Jener spreitzte, als er sah, wie die Kugeln
auf ihn zukamen, die Finger und schickte seinerseits die Lichtfragmente
gen dem Krieger. Diese wirkten im Gegensatz zu den Feuerkugeln eher kühl
und tatsächlich!
Es zischte laut, als Magie auf Magie traf.
Der Krieger wartete gar nicht erst ab, was
passierte, sondern zischte der schuppigen Dornenechse, welche ihn begleitete,
zu. Jene fauchte und hechtete auf den Elfen zu, im gleichen Moment setzte
der Krieger zu einer neuerlichen Attacke an.
Narthans Kugeln vermischten sich mit denen
des Kriegers. Kurz wurde die Arena von einem grellem Blitz erhellt, dann
waren Licht- und Feuerfragmente fort.
Dem Elfen blieb jedoch keine Zeit, sich über
diesen kleinen Sieg zu freuen, denn schon stürmten zwei Gegner auf
ihn los.
Keuchend zog er das andere Schwert, führte,
beide Arme vor sich ausstreckend, leichte Drehbewegungen mit dem Handgelenk
aus. Wie ein scharfes Schutzschild wirbelten die Klingen vor dem Elfen,
dann sprang er hoch, als die Echse auf ihn zustürzte, drehte sich
in der Luft um die eigene Achse, stieß dann jäh zu, als er sich
genau über dem Tier befand, streckte gleichzeitig den anderen Schwertarm
in Richtung des Kriegers, welcher sich unmittelbar hinter dem Tier befand.
Ein schriller Schrei ertönte, als sich
das Schwert seinen Weg durch die Schuppenpanzer der Echse bahnte.
Sofort zog Narthan die Klinge wieder zurück.
Ein dumpfes Geräusch, als zeitgleich der Krieger samt seiner Echse
in den Sand der Arena fielen.
Doch kaum geschah dies, flirrten die Umrisse
der beiden leblosen Körper.
Narthan landete, in die Hocke gehend, im Sand,
die Schwerter überkreuzt vor sich haltend, misstrauisch wartend, was
nun passierte.
Mit einem Puffen, als klopfe man einen Teppich
aus, lösten sich beide Körper auf.
Tief atmete der Elfe ein, dann erhob er sich
und ging langsam, die Schwerter zurück in die Schwertschneiden gleiten
lassend, zu der Stelle, an welcher eben noch der Krieger und die Echse
gelegen hatten, blickte sich dabei verwirrt um.
"Gratulation, Gelia-"
Narthan, noch immer atemlos, neigte respektvoll
den Kopf, als die beiden Meister die Zuschauerränge verließen.

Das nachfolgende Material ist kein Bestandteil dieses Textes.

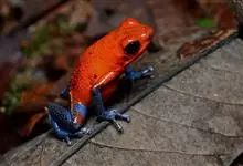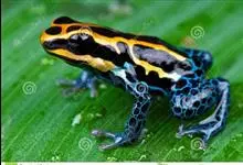 箭毒蛙,是无尾目箭毒蛙科箭毒蛙属动物。箭毒蛙体形较小,一般长1-6厘米,身上的颜色多为黑色与红色、黄色、橙色、绿色等;皮肤内有粘液分泌腺,能使皮肤随时保持湿润;四肢布满鳞纹;足间无蹼。…全部>>
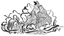 In almost every home are Japanese fans, in our shops Japanese dolls and balls and other knick-knacks, on our writing-tables bronze crabs or lacquered pen-tray with outlined on it the extinct volcano [Fuji San][1] that is the most striking mountain seen from the capital of Japan. At many places of amusement Japanese houses of real size have been exhibited, and the jargon of fashion for "Japanese Art" even reaches our children's ears.
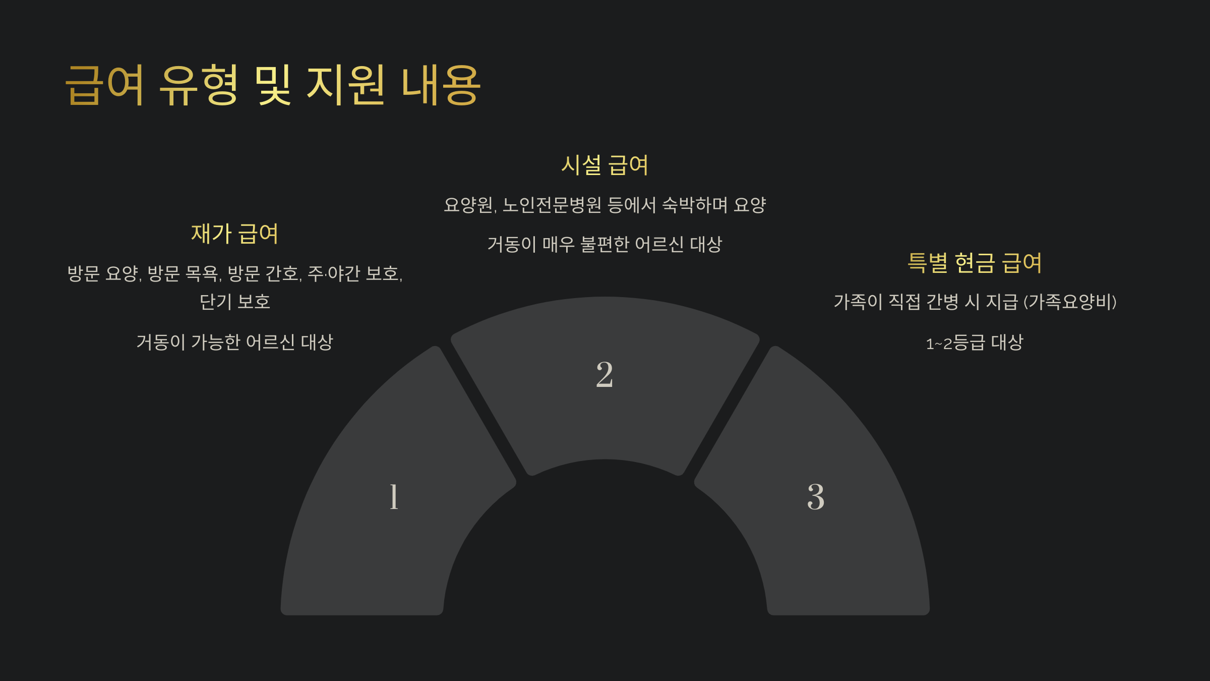 | 특별 현금 급여 | 가족이 직접 간병 시 지급 (가족요양비) | 1~2등급 대상 |
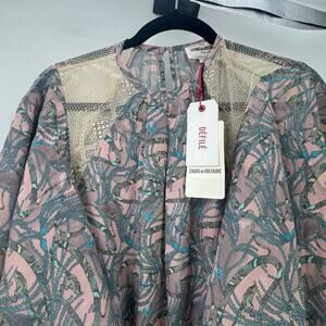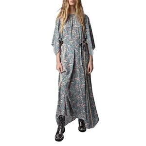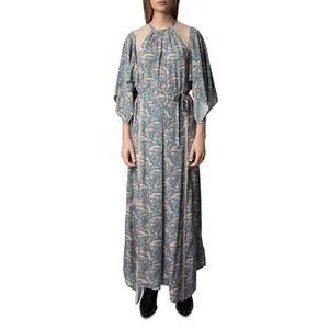 Zadig & Voltaire Silk Lace Blend Chain Print Maxi Dress Long Sleeves Size L NWT
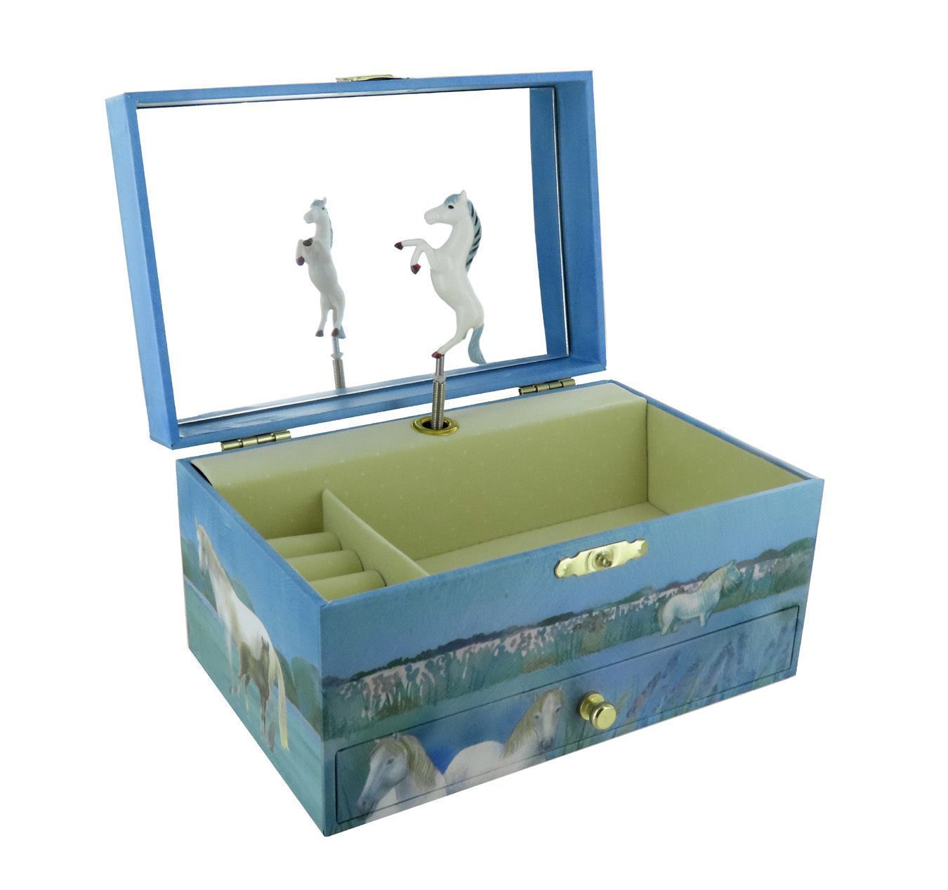Boîte à musique / boîte à bijoux musicale Trousselier en bois recouvert de papier décoré (chevaux de Camargue).

Mit einer Hand den Schweiß von der Stirn
wischend, innerlich vollkommen aufgewühlt und erst jetzt realisierend,
dass er es tatsächlich geschafft hatte, sah er den beiden so unterschiedlichen
Elfen entgegen.
"Nun, Deine erste Prüfung hast Du mit
Bravour hinter Dich gebracht", lächelte der Hüne seinen Schüler
an und ließ es sich nicht nehmen, Narthan auf die Schulter zu klopfen.
"War doch klar", murrte Farnesh neben ihm.
"Nun mach aber mal hinne. Auf mich wartet noch einiges."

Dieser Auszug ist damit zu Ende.